И. Б. П. - Но то, что Вы говорите, не идет ли это против общепринятого?
М. Л. - Мои слова, пожалуй, удивят людей, придерживающихся общепринятых
мнений, людей, у которых есть предвзятые идеи. Ведь подлинно христианское понимание
судьбы Израиля, сущности еврейства, места иудаизма в истории спасения в наше время
только начинает развиваться.
И. Б. П. - Но все же Вы должны были бы нам сказать: "Послушайте,
если Вы хотите по-настоящему стать евреями, если Вы действительно хотите спастись,
Вы должны стать христианами". Вы этого не сказали; я не подталкиваю вас к
этому. Но, в конце концов, я полагаю, что это было бы логично!
М. Л. - Не обязательно. И вот почему: не человек решает, кем он должен
быть, а прежде всего Бог; это Бог решает, кем я должен стать и что я должен делать.

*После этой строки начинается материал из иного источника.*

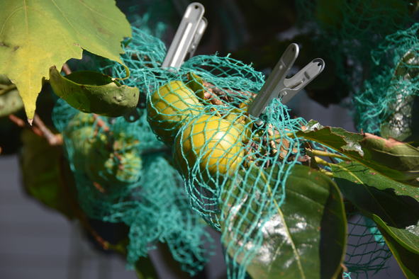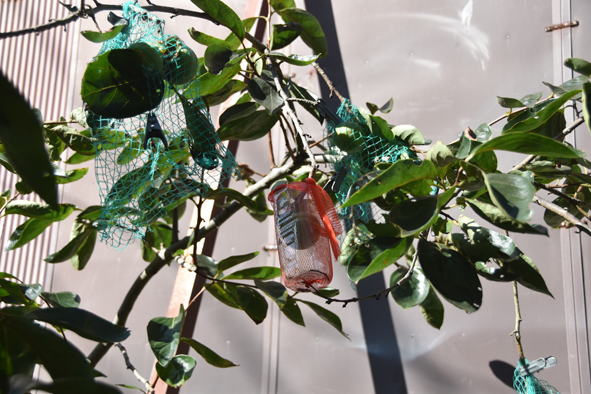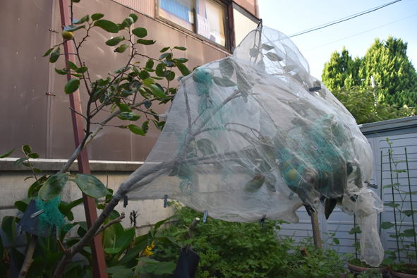 鼠対策、ネットやペットボトルで防いでいます。鼠も青い柿など食べなければならないほど餌がないのかと思っていましたが、青い実を一つ採って食べてみたらほのかな甘みがあり、渋みは全くありませんでした。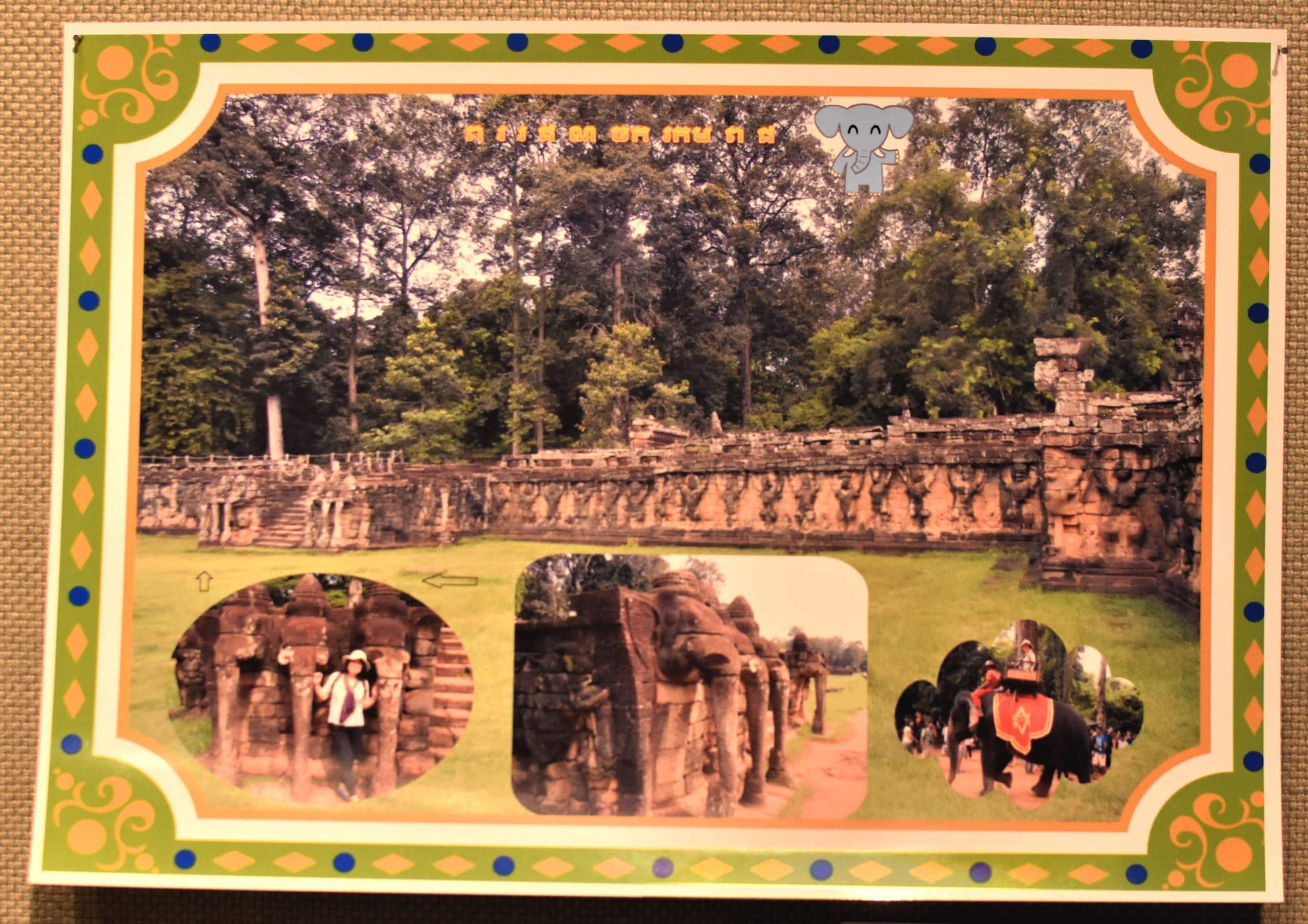 多賀小学校の「小さな写真館」というコーナーに毎月テーマを決めて、自らが撮影した写真を掲示し、その写真に関わるクイズをしています。アケボノゾウ天然記念物認定に伴い、展示した写真『象のテラス』の説明文の中に使った写真です。テラスは南北約300mにわたり、カンボジアにある遺跡アンコール・トム王宮の塔門に隣接しています。東面にあるゾウの彫刻にちなんで「象のテラス」と名づけられました。テラスは、12世紀末にクメール王により建造され、軍隊を眺望する基壇として使われました。象はカンボジアの人の生活に昔から欠かせない動物として大切にされてきました。アンコール・ワット遺跡の数々は、象によって運ばれた岩から造られました。現在、カンボジアに生息する象の数は激減しており、少数民族プノン族の協力のもとで、象を保護する活動が行われています。

Вначале Бог, и только потом я. С другой стороны, Ваш вопрос связан с другой, более
фундаментальной проблемой. К Вашему вопросу я еще вернусь. Проблема, к которой
я приближаюсь как бы на цыпочках, с трепетом, вот какая: что это значит - быть
сегодня евреем? Что необходимо для того, чтобы быть евреем и сохранить верность
иудаизму? Ответ на этот вопрос не представляется мне столь уж очевидным. То же
можно сказать и о христианах: что значит быть христианином? Ведь имеется много
разных образов христианского бытия. Мне кажется, что современная еврейская диаспора
по своим условиям очень отличается от диаспоры, существовавшей до разрушения Храма.
Иудаизм накопил какой-то особый духовный опыт. Я имею в виду тот особый духовный
опыт, который характеризует иудаизм последних двух тысячелетий, - раввинизм. С
его помощью удалось реализовать нечто фантастическое - сохранить самобытный лик
иудейства. Ради этого раввинизму пришлось согласиться с разного рода ограничениями.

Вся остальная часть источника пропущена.